The video visits not just the favela and part of the technological city, but also shows the Cingapura verticalization project, and then articulates proposals for personal intervention that mimics or attends to those "shantified" resources, respecting their randomness and disparity, but making them more hygienic and structurally consolidated around their characteristic lack of distinction between the public and private.

Also, The photographs provide a linear and horizontal view of favelas that are in danger of being demolished by the city of Sao Paolo and replaced by a vertical proletarian architecture with no social identity, that periodically alter the group alignment and generate a process that detracts from identity.

For this reason, I have systematically shown 2 parameters, either separately or together, of intervention in the photographs
1- Projects to make containers compatible for housing modules
This group of photographs shows alternatives to that suppression from an attentive "natural" mobility to that unplanned growth of urban development.

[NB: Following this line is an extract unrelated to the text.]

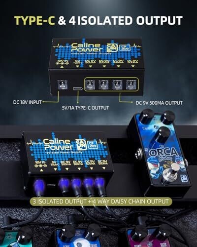 Caline 9V 500Ma Pedal Power Supply — Isolated, Type-C Output & 4 Daisy Links

For this reason, there are digital actions micrografted between the surface of the graft and assemblies, that plan the project and supplement, from a personal proposal of sustainable architecture, the preexisting shanties, but in a way that is sensitive to the habits and customs of the inhabitants, inhabitants who, on the other hand, have lived in these settlements for decades.


2- Projects for the construction of buildings (institutional landmarks) with an avant-garde aesthetic, in unstable neighborhoods, as a system of social insertion, growth of the business fabric, and regeneration of the land.
There are possibilities of incorporating areas of social exclusion into maps of citizen inclusion. In other words, there should be an official recognition that gives names to streets and numbers to houses, and this will depend on the official recognition of some clandestine settlements (more than 1000 in the last four decades). This interior voyage that we are proposing was done photographically with digital interference from an idea as simple as it is perfectly feasible: If construction is taking place at a dizzying rate in the city of Sao Paolo and both the city as well as private companies live around a colossal construction site, why aren't public buildings such as maternity wards, hospitals, courts, pavilions decentralized, regulating and building marginal neighborhoods that are more compatible with a dislocation of habitation that is more dynamic and non-concentrated? Why not help private companies to create their high-tech buildings in unstable neighborhoods?
This would make it possible to generate a business fabric around marginal neighborhoods with minimal possibilities for sustainability. In turn, each neighborhood would be identified by the building or group of buildings that would give it an identity without damaging its way of life, but increasing its social insertion, and would, in a certain way, become its emblem, or even is aesthetic identifier.